= Source material =
= Beginning of Section =
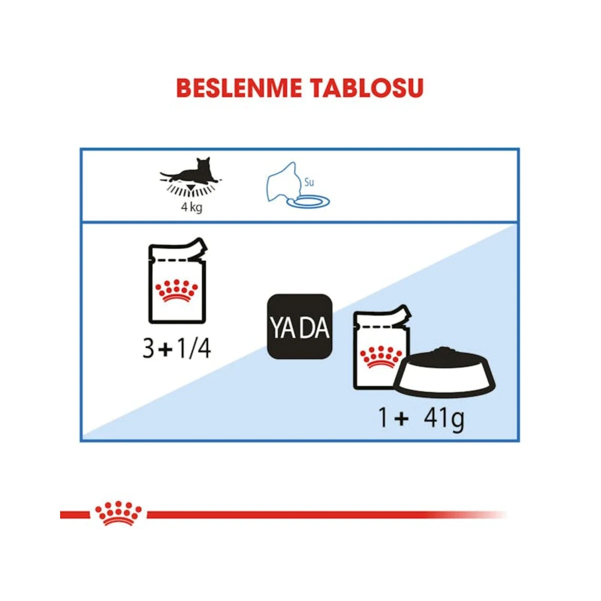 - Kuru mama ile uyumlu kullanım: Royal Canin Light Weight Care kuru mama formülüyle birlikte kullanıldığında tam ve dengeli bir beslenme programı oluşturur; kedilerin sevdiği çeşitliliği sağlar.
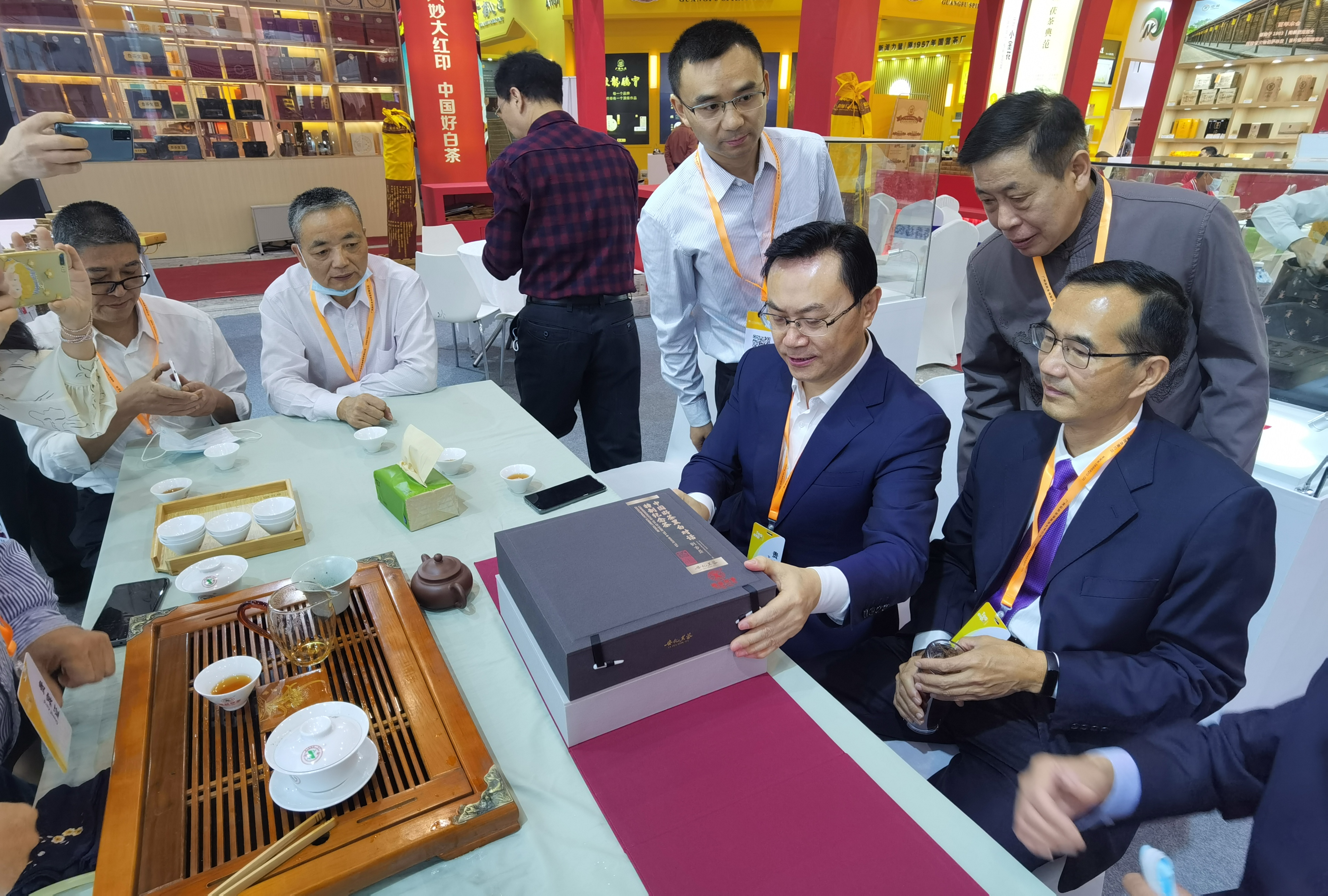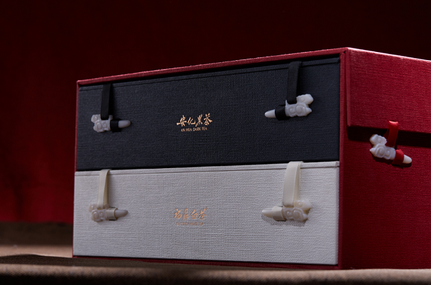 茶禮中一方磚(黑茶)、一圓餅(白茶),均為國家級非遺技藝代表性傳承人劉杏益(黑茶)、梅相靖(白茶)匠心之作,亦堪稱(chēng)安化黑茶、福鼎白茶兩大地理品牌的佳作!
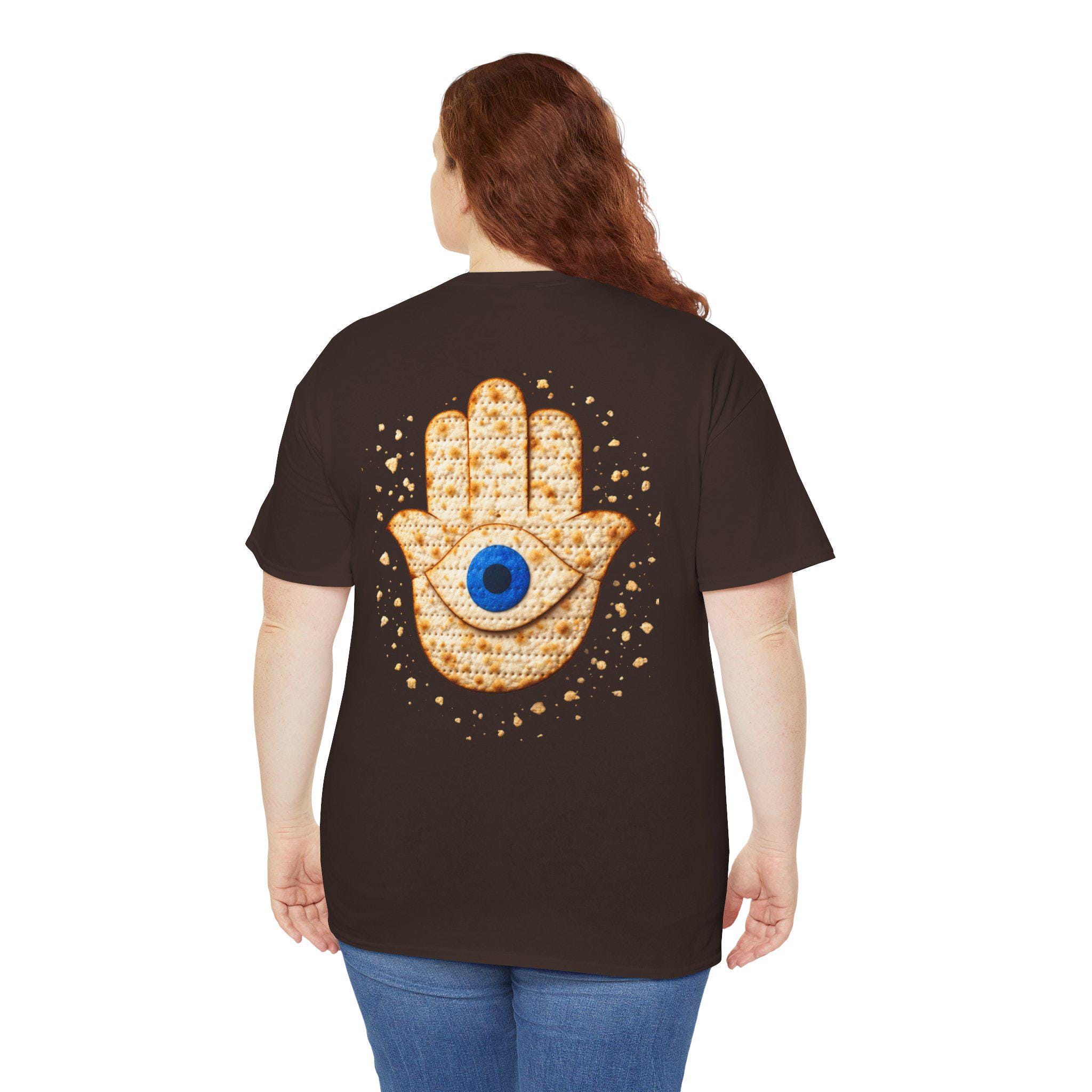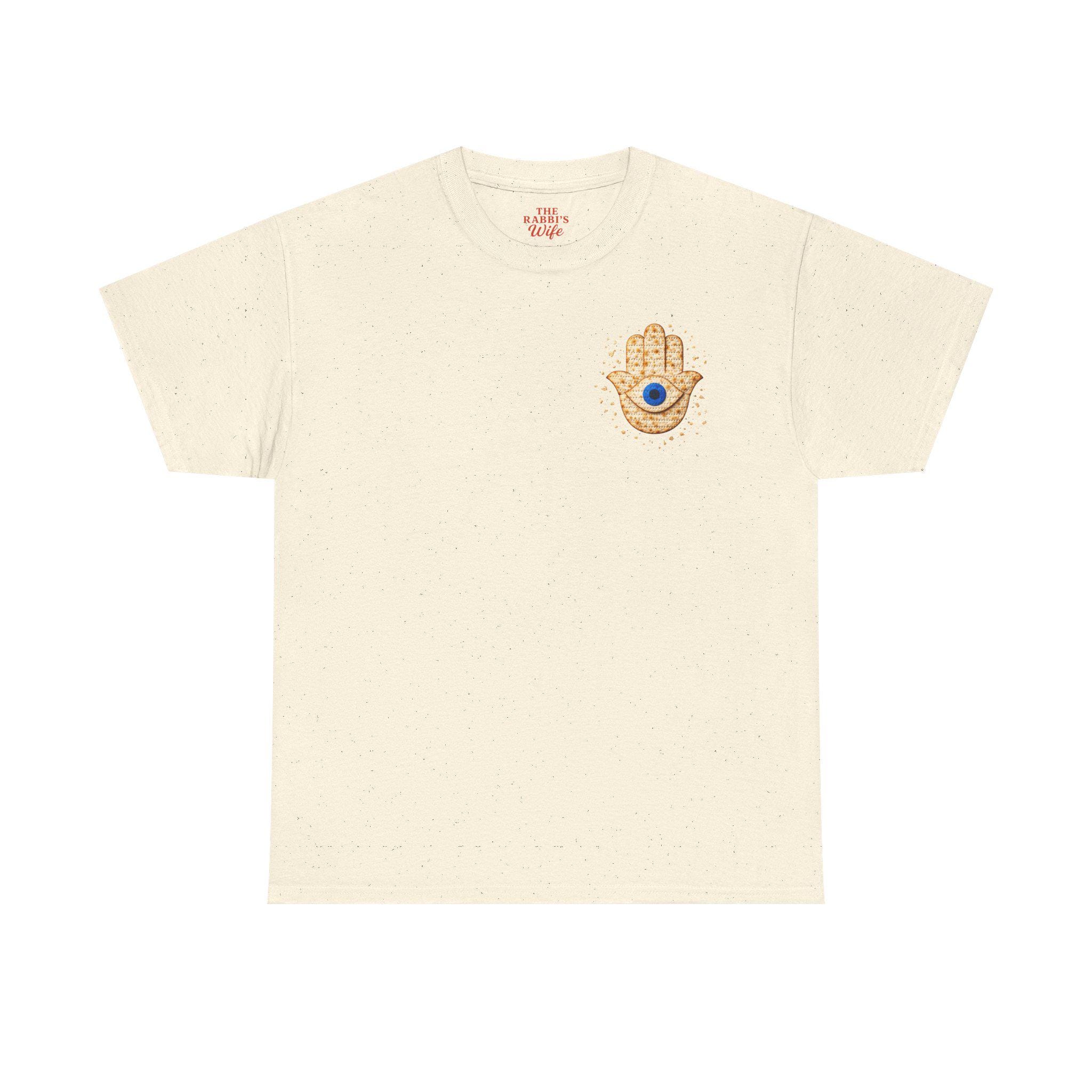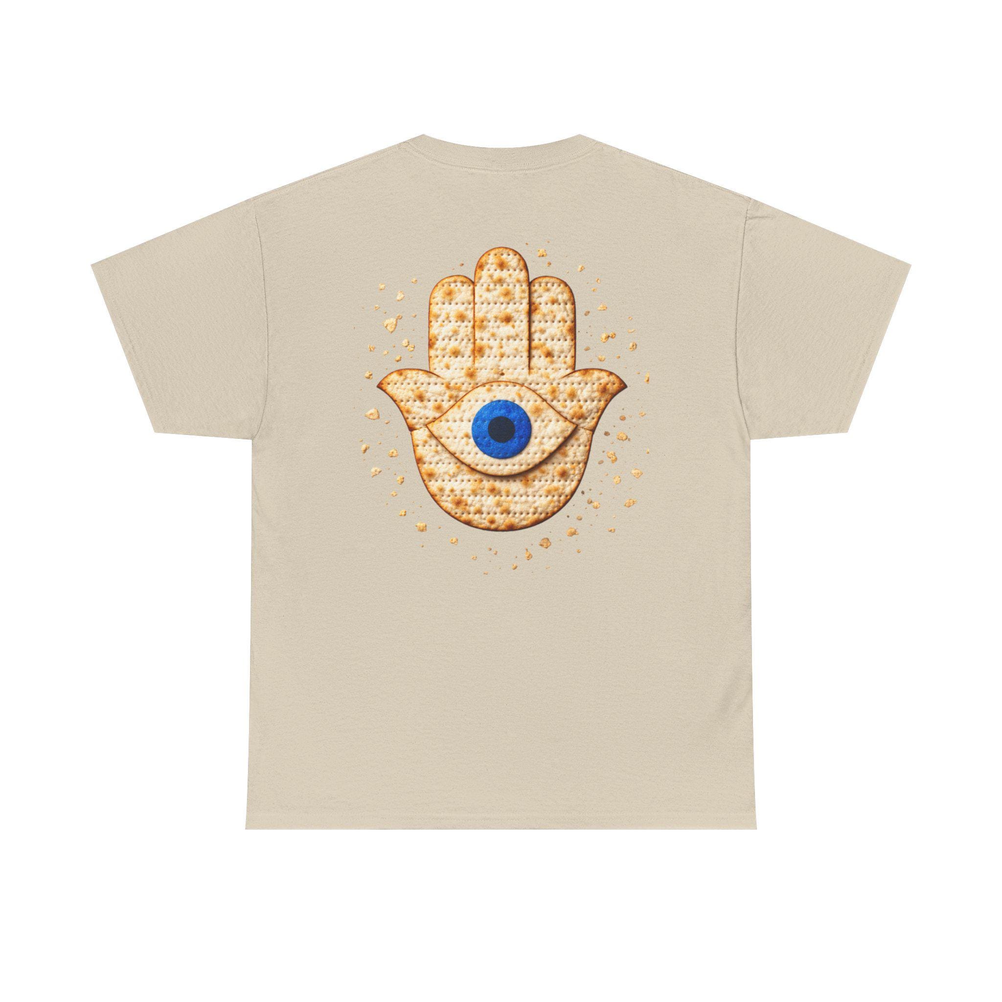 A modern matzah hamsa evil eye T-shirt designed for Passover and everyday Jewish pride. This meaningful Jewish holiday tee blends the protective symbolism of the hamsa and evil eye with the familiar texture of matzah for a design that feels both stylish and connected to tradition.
= End of Section =
= How to complete this task =
Print each line of the listing exactly and include no pictures.

= Completed task =
 - Kuru mama ile uyumlu kullanım: Royal Canin Light Weight Care kuru mama formülüyle birlikte kullanıldığında tam ve dengeli bir beslenme programı oluşturur; kedilerin sevdiği çeşitliliği sağlar.
 茶禮中一方磚(黑茶)、一圓餅(白茶),均為國家級非遺技藝代表性傳承人劉杏益(黑茶)、梅相靖(白茶)匠心之作,亦堪稱(chēng)安化黑茶、福鼎白茶兩大地理品牌的佳作!
 A modern matzah hamsa evil eye T-shirt designed for Passover and everyday Jewish pride. This meaningful Jewish holiday tee blends the protective symbolism of the hamsa and evil eye with the familiar texture of matzah for a design that feels both stylish and connected to tradition.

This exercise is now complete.